Using the difference in the mean scale scores for each group as the criterion measure has 
one more important limitation. The mean only tells about what is happening at the center of the 
distribution. It may be of much more interest to look at what is happening to the students at the 
upper or lower ends of the scale. Holland (2002) recommended looking at the change in the scaled 
score for multiple percentage points in the distribution and summarizing that with a graph of 
change in score by percentile. 


Differences in the PAC Scores 

Another statistic that is readily available is the PAC score statistic. Unfortunately, due to a 
statistical artifact (illustrated in a previous section), the story told by the PAC statistic varies with 
the cut score, so that one cut point might show greater growth in the focal group and another 
greater growth in the reference group. (Ho, 2008, gave a dramatic illustration of this.) 

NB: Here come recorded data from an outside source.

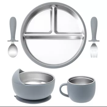 5PCS Stainless Steel Baby Feeding Set with BPA-Free Silicone Bowl & Utensils
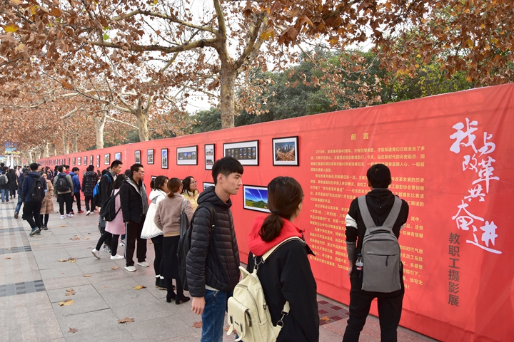 我与改革共奋进,积极建设双一流。为展示国家和学校40年改革发展的光辉进程和办学育人成绩,近日,由校工会主办,校教职工摄影协会承办的“我与改革共奋进——庆祝改革开放40周年”教职工主题摄影展在我校南校区明德广场举行。
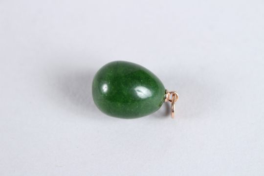 A 14CT GOLD RUSSIAN JADE AND DIAMOND CHICK PENDANT.
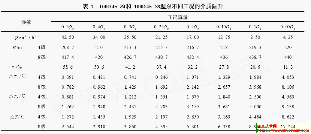 (2) 流量越小,揚程越高,效率越低,泵內溫升越大,最小無汽蝕流量也越大;平衡裝置回水引起的溫升比泵內阻引起的溫升高。
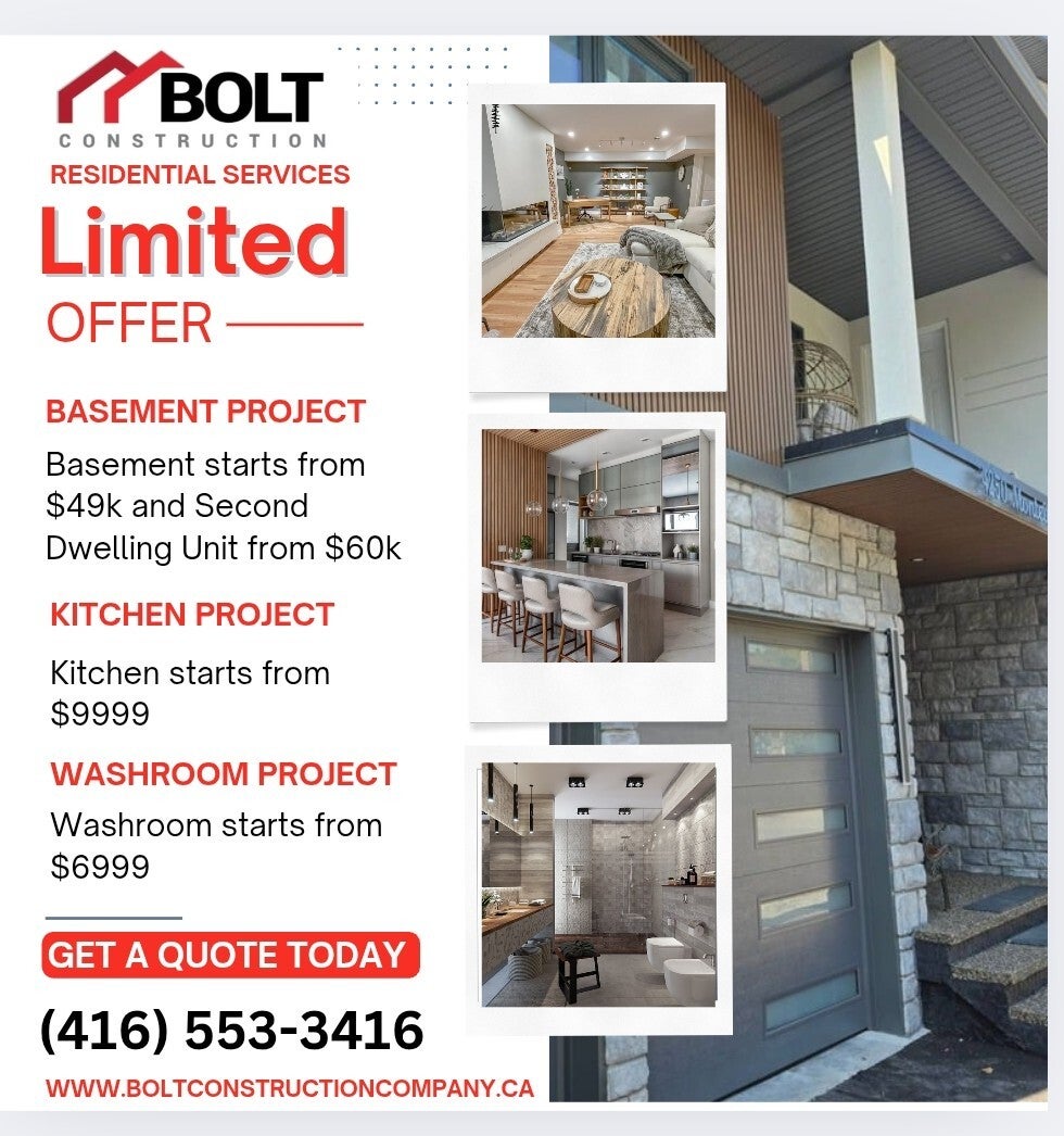 With 18+ years of experience, Bolt Construction specializes in transforming older G.T.A homes into modern, functional spaces. From your first consultation to permit approvals, 3D design, and construction, we handle every step. Our design-build process ensures your vision becomes reality – with no surprises.
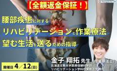 腰部疾患に対するリハビリテーションと作業療法~病態理解から「対象者が望む生活を送る」ための介入~ 講師:金子翔拓先生 腰部疾患に対するリハビリテーションと作業療法~病態理解から…

This statistical artifact comes about because the choice of cut point is an arbitrary choice. A 
better description of the change would look at the difference at multiple cut points. Holland (2002) 
and Ho (2008) showed a number of graphical displays which provide a more complete picture of 
the differences in changes between two groups. One potential difficulty is that the PAC statistics 
are normally reported in the summary report only for the proficiency levels defined in the 
framework, and gathering a more complete picture may require the use of restricted-use data.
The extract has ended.